Корт уже поднялся, готовый навалиться на мальчика и прикончить его. Тот утратил свое первоначальное преимущество. Секунду они смотрели в глаза друг другу: ученик, распростертый на земле, и учитель, стоящий над ним, со сгустками крови, стекающими по левой стороне его лица. Незрячий глаз его теперь совсем заплыл, осталась лишь тоненькая полоска белка. Сегодня корт точно уже не пойдет по борделям.

Что-то впилось в руку мальчика. Сокол. Дэвид, слепо рвущий его когтями. Оба крыла перебиты. Невероятно, как он вообще жив остался.

Мальчик схватил сокола, как хватают камень, не обращая внимания на острый клюв, сдирающий кожу с его запястья. Когда Корт набросился на него, мальчик, беспомощно распластанный по земле, подбросил сокола вверх.

— Возьми его! Дэвид! Убей!

А потом Корт упал на него, закрывая собою солнце.

Сокол расплющился между ними. Мальчик почувствовал, как по лицу его шарит мозолистый палец, нащупывая глазницу. Он рывком повернул голову, одновременно приподнимая бедро, чтобы закрыться от колена Корта, нацеленного ему в пах, и трижды рубанул ребром ладони по шее учителя. С тем же успехом он мог бы стучать и по камню.

А потом Корт вдруг издал сдавленный всхлип. Его тело дернулось. Словно сквозь пелену мальчик увидел, как Корт шарит рукой по земле, пытаясь дотянуться до выпавшей палки. Он рванулся, превозмогая боль, и отбил ее ногою в сторону, вне досягаемости. Дэвид вцепился когтями в правое ухо Корта. Другой лапою сокол безжалостно рвал щеку учителя, превращая ее в окровавленные лохмотья. Теплая кровь, распространявшая запах меди, пролилась прямо мальчику на лицо.

Корт ударил сокола кулаком и сломал ему спину. Еще раз — и шея Дэвида изогнулась под неестественно острым углом. Но когти еще сжимались. Уха больше не существовало; на его месте зияла теперь окровавленная дыра.

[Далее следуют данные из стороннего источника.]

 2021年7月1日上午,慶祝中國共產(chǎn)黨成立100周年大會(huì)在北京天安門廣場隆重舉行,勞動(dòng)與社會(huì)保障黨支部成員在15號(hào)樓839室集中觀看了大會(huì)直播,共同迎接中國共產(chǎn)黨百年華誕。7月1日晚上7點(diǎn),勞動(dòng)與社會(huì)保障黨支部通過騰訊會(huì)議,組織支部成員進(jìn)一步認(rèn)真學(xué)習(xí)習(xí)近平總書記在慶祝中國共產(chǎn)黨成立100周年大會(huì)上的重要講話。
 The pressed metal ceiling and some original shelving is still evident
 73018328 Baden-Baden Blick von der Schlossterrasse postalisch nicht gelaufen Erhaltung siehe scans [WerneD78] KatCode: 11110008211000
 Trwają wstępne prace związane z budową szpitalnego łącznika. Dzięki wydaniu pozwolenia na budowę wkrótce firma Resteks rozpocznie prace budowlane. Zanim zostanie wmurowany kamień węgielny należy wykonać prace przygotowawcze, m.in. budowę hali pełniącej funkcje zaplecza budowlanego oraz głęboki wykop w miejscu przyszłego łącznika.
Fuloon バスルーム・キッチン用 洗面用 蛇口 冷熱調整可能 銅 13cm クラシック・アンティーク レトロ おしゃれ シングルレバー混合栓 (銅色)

Третий удар отбросил сокола прочь.

Ребром ладони мальчик рубанул Корта по носу, перебив тонкий хрящ. Брызнула кровь.

Корт выбросил руку вперед, вслепую схватил мальчика за ягодицу и рванул на себя. Роланд упал, откатился в сторону, нащупал палку, которую выронил Корт, и поднялся на колени.

Корт тоже встал на колени и усмехнулся сквозь маску запекшейся крови. Его единственный зрячий глаз бешено вращался в запавшей глазнице. Нос был расплющен и свернут на сторону, щеки свисали лохмотьями кожи.

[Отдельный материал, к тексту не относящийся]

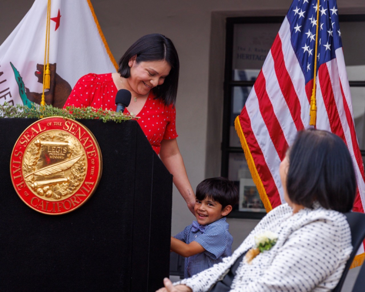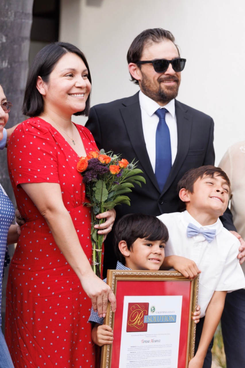 “As someone who was once an undocumented immigrant, I know firsthand how much opportunity, support, and community matter,” Alvarez said. She went on to say the work that she does is “deeply personal.” During her speech, her son Nico ran up to Alvarez at the podium, where they shared a heartfelt embrace and he stayed peeking from behind the podium at the smiling crowd.
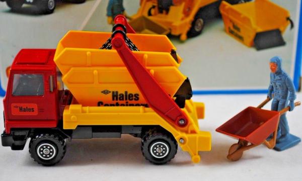 red cab, yellow containers, HALES labels |
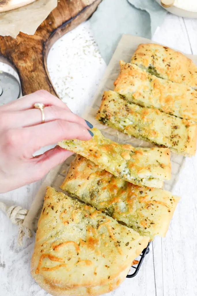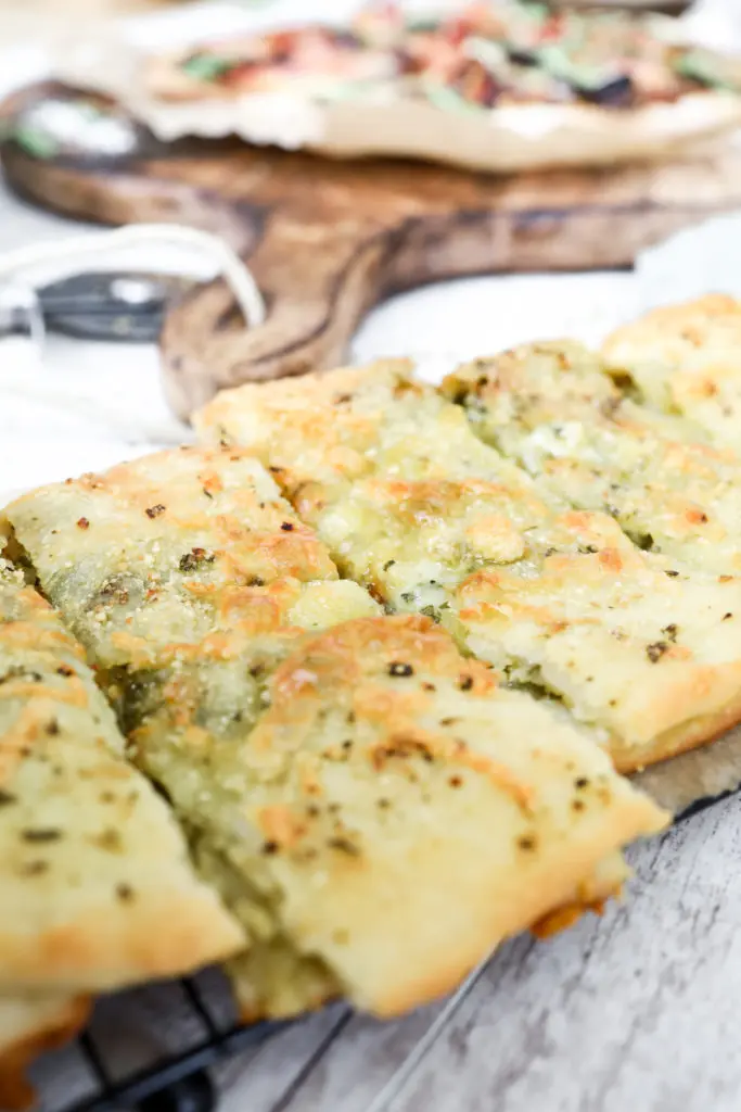 Rucola pesto ostabrauðstangirnar voru ekki síðri en þær verða að vera með pizzuni því þessi tvenna var eitthvað annað góð.
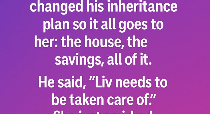 Then, last month, Dad told me he had completely revised his will so that everything would go to her. He said it gently, adding, “Liv needs to be looked after.” But the slight smirk she gave stuck with me.
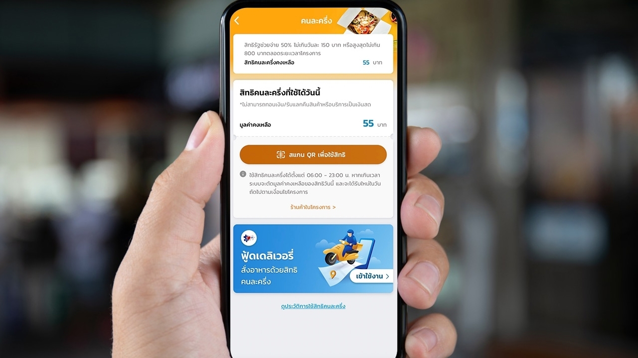 ในโครงการคนละครึ่งเฟส 5 การใช้บริการฟู้ดเดลิเวอรี่ก็ยังเป็นอีกหนึ่งทางเลือก โดยสามารถใช้ผ่านแอปพลิเคชัน ฟู้ดเดลิเวอรี่ ได้ เฉพาะร้านที่เข้าร่วมโครงการ ไม่รวมค่าจัดส่ง

Мальчик держал свою палку, как бейсболист держит биту, готовясь принять подачу.

Корт сделал два ложный выпада, а потом бросился на него.

Но мальчик был начеку. Палка из твердого дерева, описав в воздухе плоскую дугу, с глухим стуком ударилась о череп Корта. Корт повалился на бог, таращась на мальчика вдруг помутневшими невидящими глазами. Изо рта у него потекла тонкая струйка слюны.

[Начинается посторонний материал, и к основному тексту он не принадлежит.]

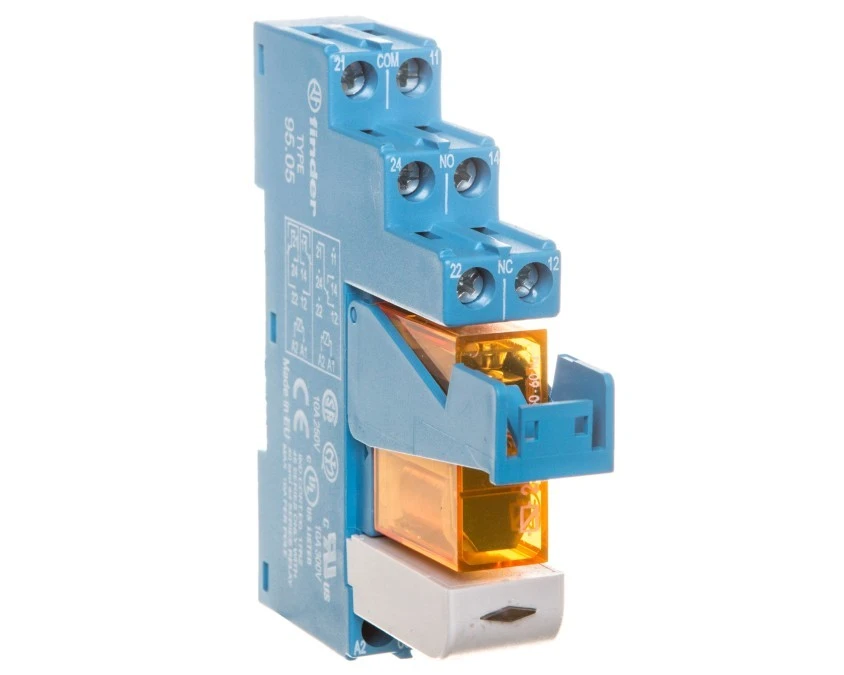 10. Moduł interfejsowy 27mm, 2P 10A 24V AC, styki AgNi, wskaźnik zadziałania, blokada, przycisk testujący, DIN 58.32.8.024.0060SPA 92.74
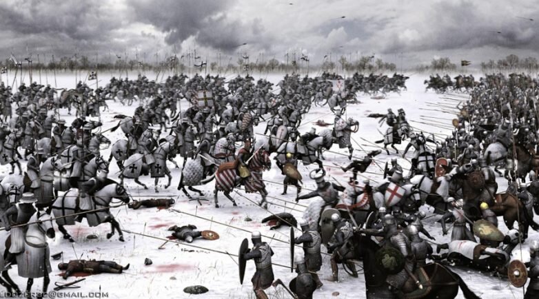 Русь, ослабленная монголо-татарским игом, оказалась в очень тяжелом положении, когда над ее северо-западными землями нависла угроза со стороны шведских и немецких феодалов. После захвата прибалтийских земель рыцари Ливонского ордена приблизились к границам Новгородско-Псковской земли. В 1240 г. состоялась Невская битва — сражение между русскими и шведскими войсками на реке Неве. Новгородский
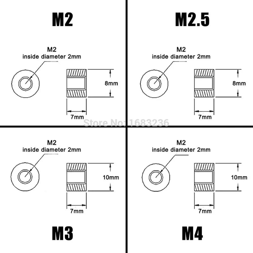 Inside thread diameter: 2mm(M2) / 2.5mm(M2.5) / 3mm(M3) / 4mm(M4)
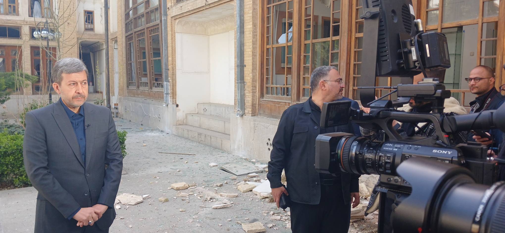در این بازدید همچنین از ساختمان آسیب دیده استانداری اصفهان بازدید شد و خبرنگار صداوسیما روایتگر آسیب به ساختمان استانداری اصفهان در پی حملات اخیر اسرائیل و آمریکا است.
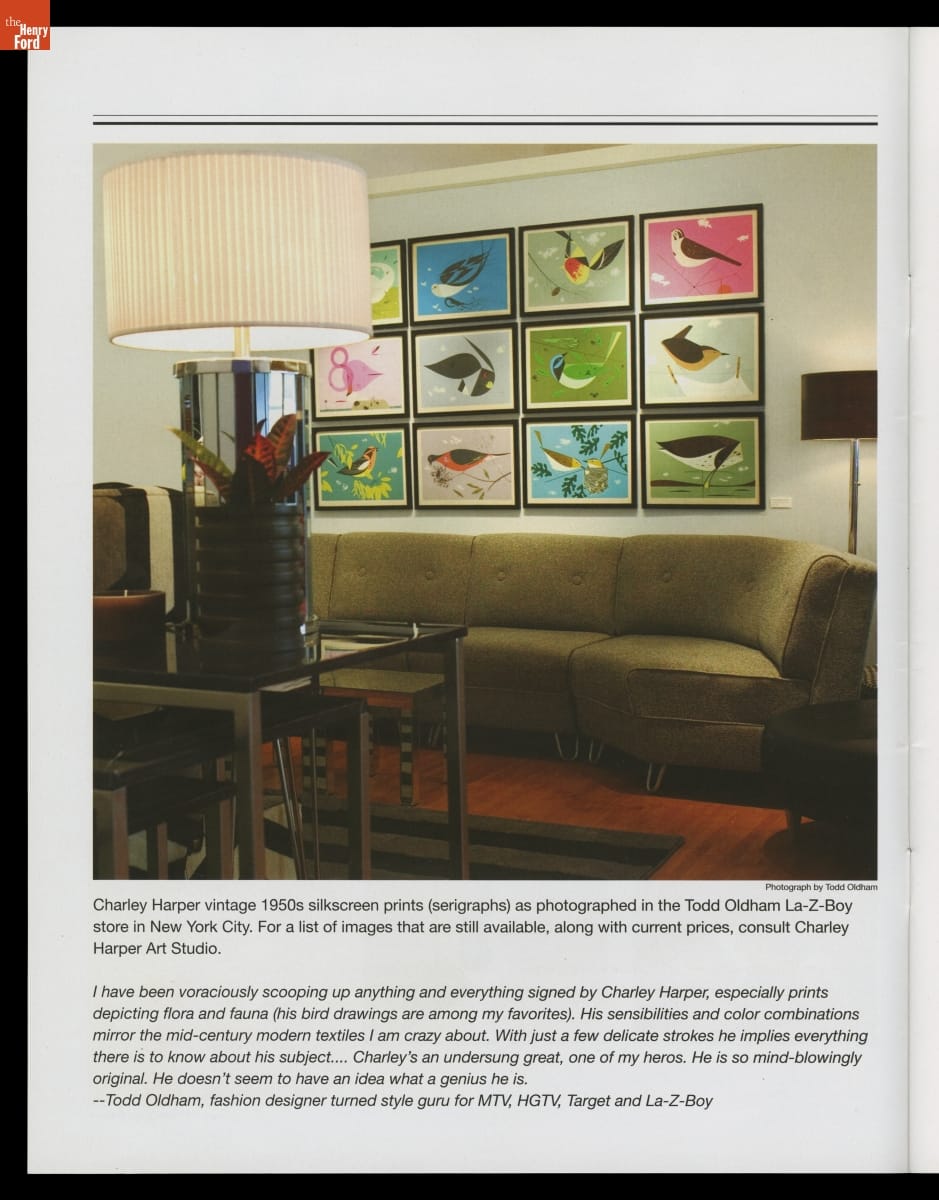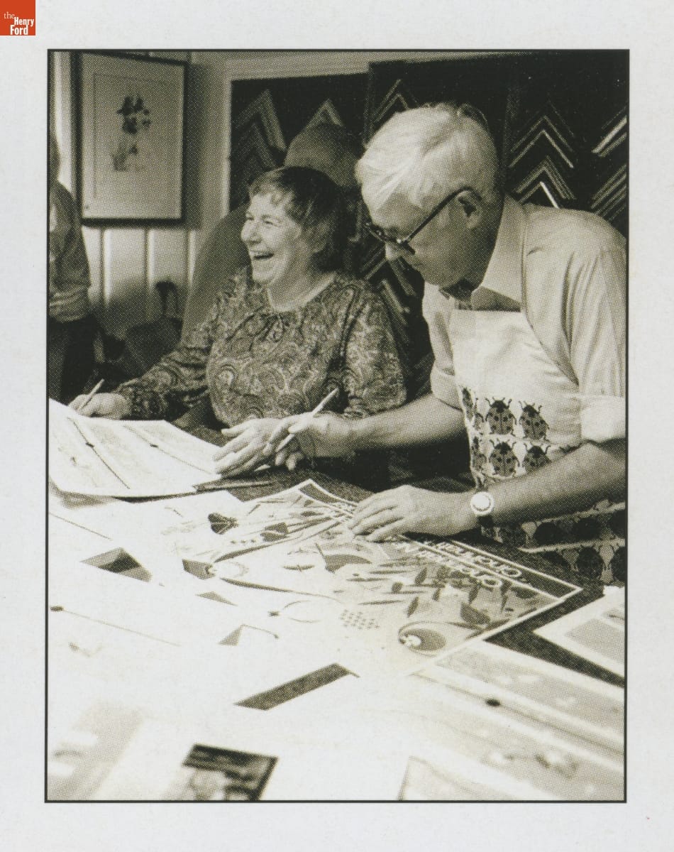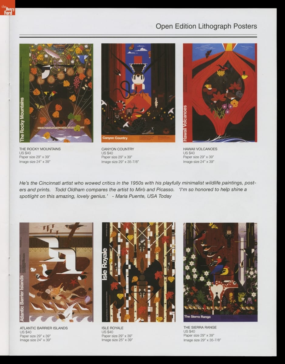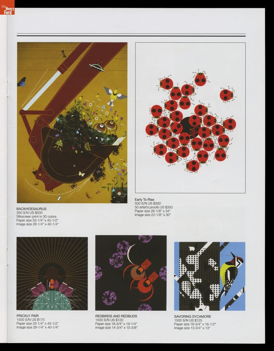 Charley Harper (1922-2007) and Edie McKee (1922-2010) met at the Art Academy of Cincinnati in 1940 and married in 1947. Both practiced art for the remainder of their lives, with Charley ultimately gaining fame for his unique style of illustrating wildlife. This trade catalog, published the year before Charley passed away, celebrated the Harpers' 60-year marriage and noteworthy careers.

— Сдавайся или умри, — сказал мальчик. Впечатление было такое, что рот у него забит влажной ватой.

И Корт улыбнулся. Он был почти без сознания. Еще пару недель он точно не встанет с постели — и эти недели он пролежит, укрытый черным покровом глубокой комы. Однако теперь он еще держался, напрягая все силы своей безжалостной и безупречной жизни.

— Я сдаюсь, стрелок. Я сдаюсь улыбаясь.

Зрячий глаз Корта закрылся.

Стрелок легонько потряс его за плечо: мягко, но настойчиво. Ребята уже окружили его. Руки так и чесались — похлопать его по спине, потрепать по плечу. Но они не решались, чувствуя произошедшую перемену и страшась этой бездны, что теперь разделила их. И все же она была не такой странной и страшной, какой быть могла бы, ибо между Роландом и остальными какая-то пропасть существовала и раньше. Всегда.

Глаз Корта опять приоткрылся.

— Ключ, — обратился к нему стрелок. — Я хочу забрать то, что принадлежит мне по праву рождения, учитель. Мне нужен ключ.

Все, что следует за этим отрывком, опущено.